Green Mountain Power is trying to turn homes, neighborhoods and towns into virtual power plants, driven by economics as well as environmental goals.
By Diane Cardwell
WALTHAM, Vt. — In a new low-income development that replaced a trailer park here, rooftop solar panels sparkle in the sun while backup batteries quietly hum away in utility closets.
About an hour away, in Rutland, homes and businesses along a once-distressed corridor are installing the latest in energy-saving equipment, including special insulation and heat pumps.
And throughout Vermont, customers are signing up for a new program that will allow them to power their homes while entirely disconnected from the grid.
The projects are part of a bold experiment aimed at turning homes, neighborhoods and towns into virtual power plants, able to reduce the amount of energy they draw from the central electric system. But behind them are not green energy advocates or proponents of living off the land. Instead, it’s the local electric company, Green Mountain Power.

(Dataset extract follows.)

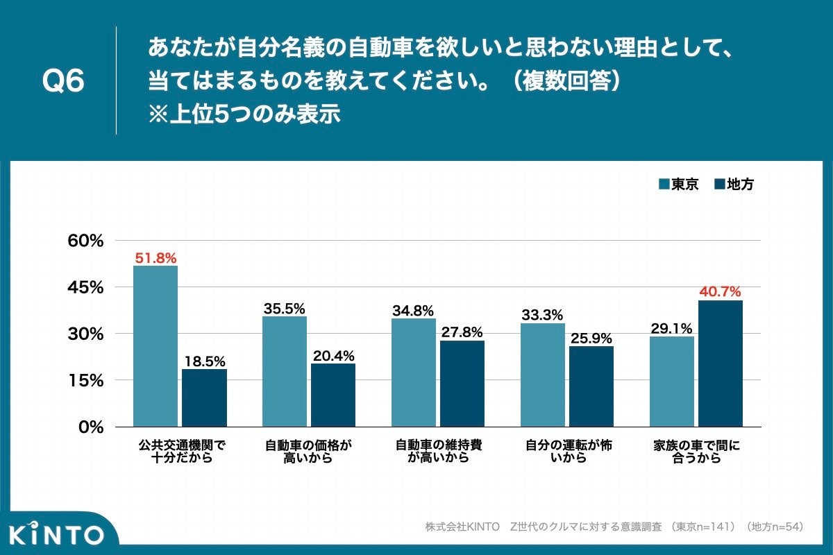 - Q6. 自分名義の自動車が欲しくない理由、都内は「公共交通機関で十分だから」が51.8%で最多、地方は「家族の車で間に合うから」が40.7%で最多

Even as the Trump administration has broken with almost all the world’s nations by renouncing the Paris climate accord, the Vermont program offers just one example of the continuing efforts at the local level to rethink a largely carbon-based power system. The initiatives are driven by financial advantages as well as environmental ones.
Green Mountain’s chief executive, Mary Powell, sees the program here as the best way to please customers while making the system more environmentally and physically sustainable.
“Customers, especially in Vermont with the energy-independence values that people have, want to move more toward self-generation,” she said, seated in a bright orange modernist chair in a meeting area in the company’s open-plan headquarters near Burlington.
“The opportunity for us,” she added, is to lead the transformation of an electric system that depends on power sent along big transmission lines “to a community-, home- and business-based energy system.”